Adv Sci (Weinh). 2020 Jan 30;7(6):1902820. doi: 10.1002/advs.201902820. eCollection 2020 Mar.
7
Stability and Degradation Mechanisms of Copper-Based Catalysts for Electrochemical CO Reduction.用于电化学CO还原的铜基催化剂的稳定性和降解机制
Angew Chem Int Ed Engl. 2020 Aug 24;59(35):14736-14746. doi: 10.1002/anie.202000617. Epub 2020 Jun 5.
8
Strategies in catalysts and electrolyzer design for electrochemical CO reduction toward C products.用于电化学将一氧化碳还原为碳产物的催化剂和电解槽设计策略。

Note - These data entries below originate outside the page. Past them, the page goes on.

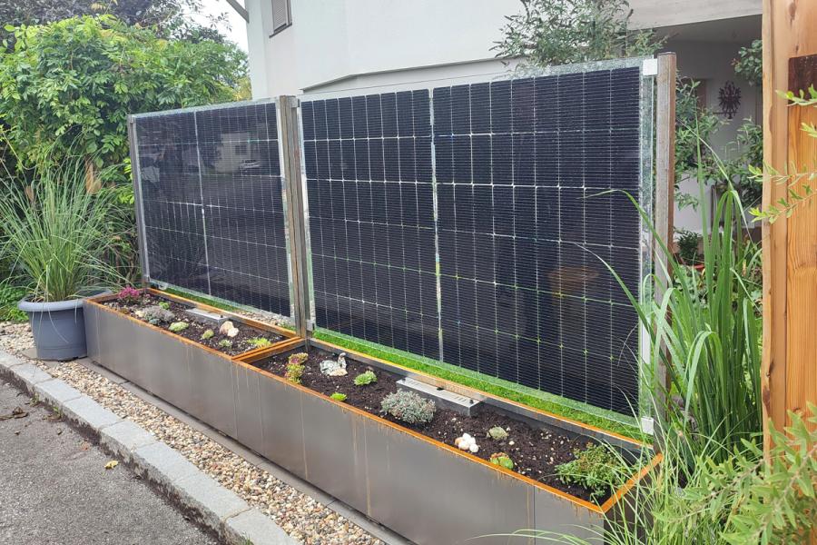 Diese innovative Lösung bietet Ihnen mehr als nur eine Abgrenzung für Ihre Terrasse oder Ihren Garten. Nutzen Sie unsere Solarmodule als Zaunelement oder als modernen Sichtschutz, der nicht nur Strom erzeugt, sondern optional auch einen integrierten Pflanzkasten hat. Vielseitig einsetzbar, ästhetisch ansprechend und mit einfacher Handhabung: Sie brauchen nur eine einzige Steckdose.
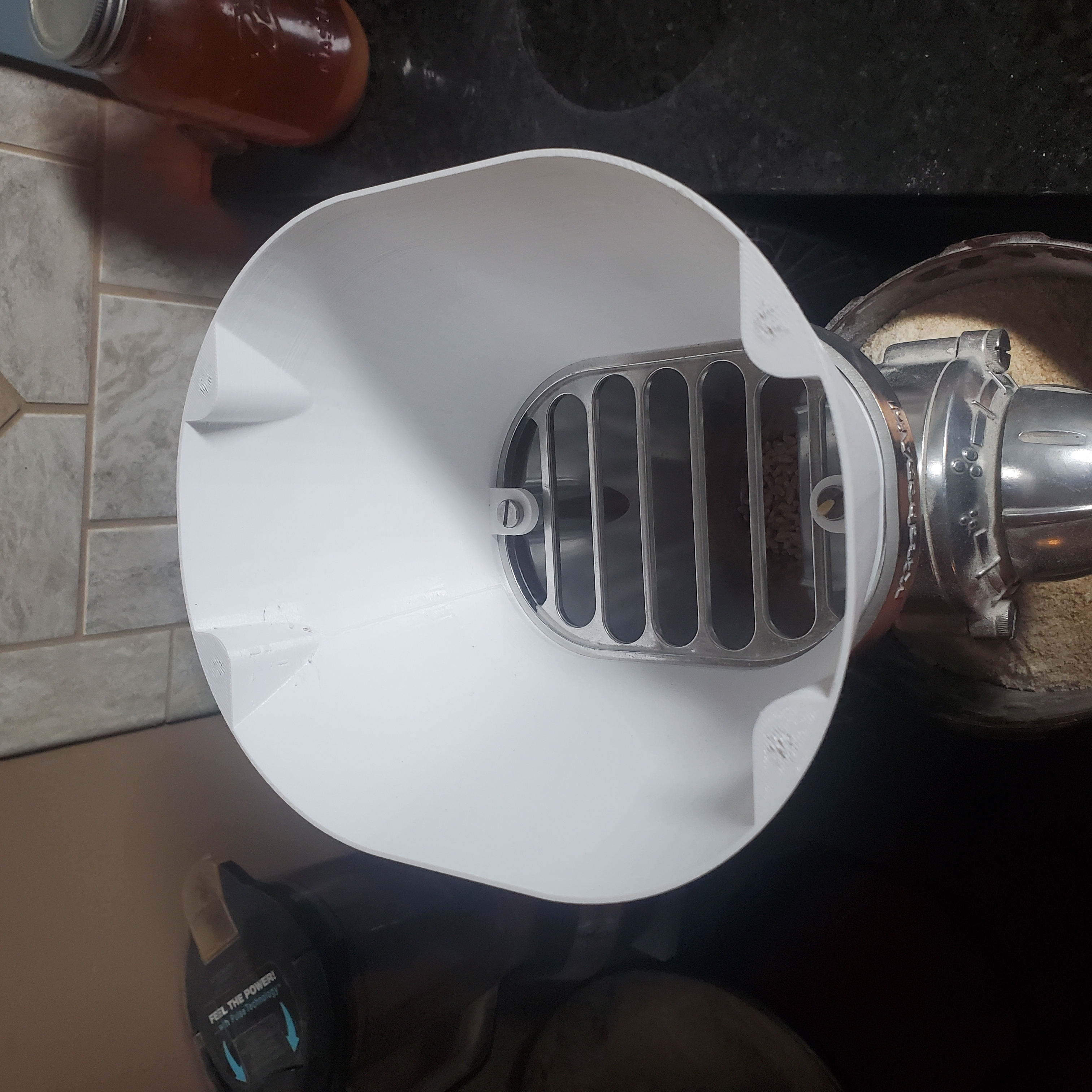 Tui ngán cái phễu nhỏ xíu của cái máy xay ngũ cốc Kitchenaid nhà tui quá nên tui chế ra cái này bự hơn nè. Đổ vô dễ lắm, không có bị đổ tùm lum, với có cái nắp đậy lại khỏi bụi bẩn khi không xài.
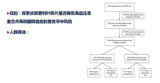 我們研究目的就是:探索葉酸補(bǔ)充是否減低高血壓患者合并膽固醇增高相關(guān)的首發(fā)腦卒中。首先,我們對(duì)研究人群進(jìn)行篩選,從全部的20702人中,剔除服用降脂治療的166人和370個(gè)基線總膽固醇確實(shí)的患者,剩下20166名患者根據(jù)總膽固醇是否≥5.2進(jìn)行分組。每個(gè)組中對(duì)是否服用依那普利葉酸片進(jìn)行觀察研究。隨機(jī)、平行、對(duì)照、雙盲的原則分組,采用依那普利葉酸片10.8mg/d作為治療組;依那普利10mg/d作為對(duì)照組,中位隨訪時(shí)間4.5年,以首發(fā)腦卒中作為首要終點(diǎn),以首發(fā)缺血性卒中(致命或非致命)、首發(fā)出血性卒中(致命或非致命)、復(fù)合心血管事件(包括心因性死亡、心肌梗塞、卒中)作為次要終點(diǎn)。
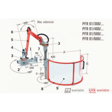 Clásicos universales con brazos articulados muy versátiles y de colocación inmediata. Protege al operario del contacto directo con el eje de rotación y la proyección vertical de virutas y refrigerante.
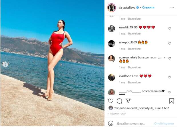 Даша опубликовала две фотографии – на первой она позирует возле модернизированного душа в темно-красном купальнике, а на второй певица сфотографировалась возле моря уже в светлом красном купальнике. "Просто не имеет значения, 1 или 2. Это оба любимые @moodstories", - написала Даша. Поклонники певицы за час поставили почти всем тысяч лайков и написали много комментариев. "Рыба моя красивуща

Sci Adv. 2020 Feb 21;6(8):eaay3111. doi: 10.1126/sciadv.aay3111. eCollection 2020 Feb.
9
In Situ Reconstruction of a Hierarchical Sn-Cu/SnO Core/Shell Catalyst for High-Performance CO Electroreduction.用于高效CO电还原的分级Sn-Cu/SnO核壳催化剂的原位重构
Angew Chem Int Ed Engl. 2020 Mar 16;59(12):4814-4821. doi: 10.1002/anie.201916538. Epub 2020 Feb 4.
10
Synergistic enhancement of electrocatalytic CO reduction to C oxygenates at nitrogen-doped nanodiamonds/Cu interface.氮掺杂纳米金刚石/铜界面上协同增强电催化CO还原为含碳含氧化合物的性能
Nat Nanotechnol. 2020 Feb;15(2):131-137. doi: 10.1038/s41565-019-0603-y. Epub 2020 Jan 6.